- _Work to complete_: Begin at the line where "Todos los departamentos" appears and reproduce exactly every line through the end of the data below, both included, skipping pictures.

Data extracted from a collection
==============================

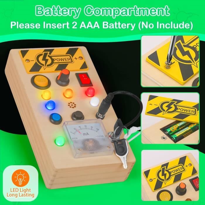 Tableau Sensoriel Bébé Tableau Sensoriel Montessori NIWWIN - LED Interrupteur Lumineux Montessori Jouet Interrupteur De Lumière LED, Tableau Sensoriel Lumineux En Busy Board Montessori Jouets alimentés par LED : alimenté par des lumières LED, ce jouet en bois émet des couleurs rouges et vertes vibrantes pour attirer l'attention des enfants et stimuler leurs sens visuels Ce tableau bien rempli est spécialement conçu pour les tout-petits qui adorent les interrupteurs et les lumières LED. Chaque interrupteur déclenche une couleur ou un style de LED unique. La luminosité LED est parfaitement adaptée aux bébés, ni trop lumineuse ni trop faible
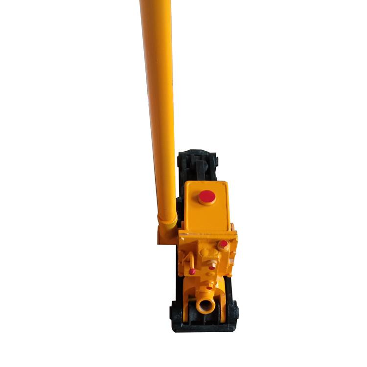 原理:往复摆动手搬把,通过定块机构,使柱塞泵连续工作(吸,压油),将液压油压入油缸内,推动活塞伸出,在活塞推力作用下油缸及拨臂带动钢轨向前移动,起到拨道的目的。
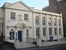 The Grade II*-listed[77] former St Stephen's Church on Montpelier Place closed in 1939 and is now used as a day centre for homeless people.[35] George Cheesman designed the plain stuccoed Classical façade, with Doric pilasters and an octagonal lantern,[78] in 1851. Behind it lies the opulent former ballroom of the Castle Inn, built by John Crunden in 1776 and later transported to Montpelier Place.[35] Arthur Blomfield made additions to the church in 1889. It was refurbished after a fire in 1988.[77]
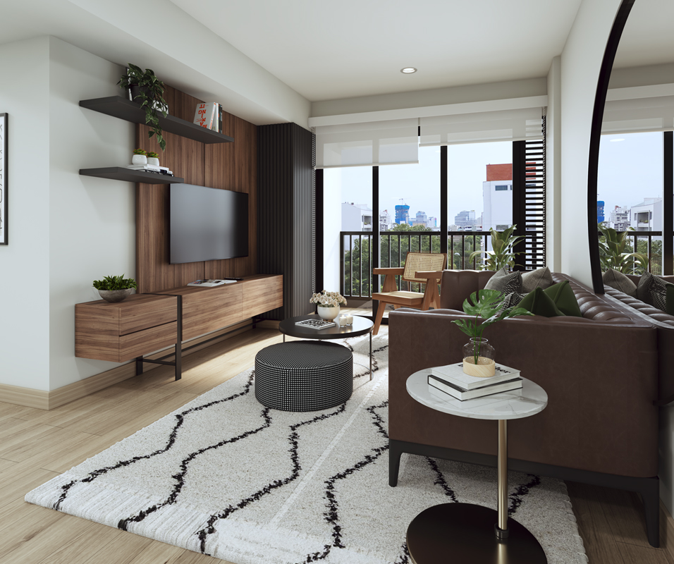 Todos los departamentos tienen vista a la calle, con ventanas muy amplias y mucha iluminación natural.
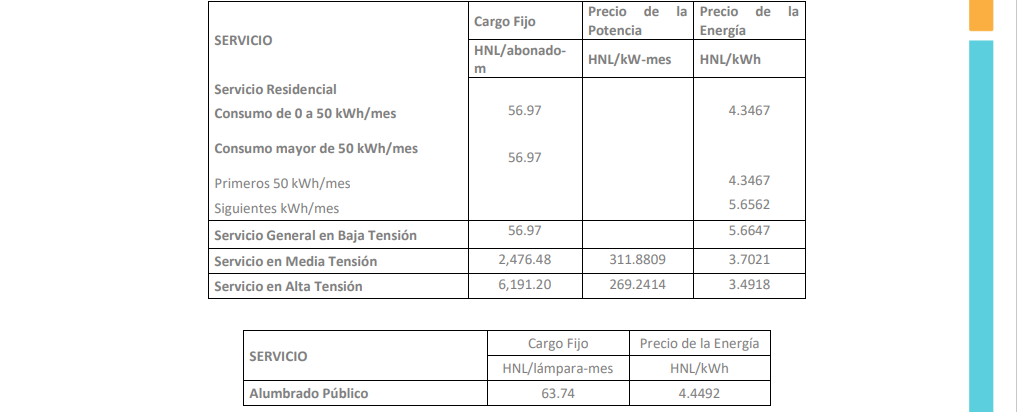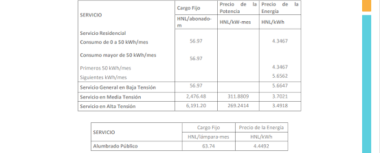 En consecuencia, el organismo autorizó que la estructura tarifaria para la facturación que debe aplicar la Empresa Nacional de Energía Eléctrica (ENEE) a partir del 1 de octubre del 2023es la que se detalla a continuación:

==============================

- _Reply to the task_:
 Todos los departamentos tienen vista a la calle, con ventanas muy amplias y mucha iluminación natural.
 En consecuencia, el organismo autorizó que la estructura tarifaria para la facturación que debe aplicar la Empresa Nacional de Energía Eléctrica (ENEE) a partir del 1 de octubre del 2023es la que se detalla a continuación:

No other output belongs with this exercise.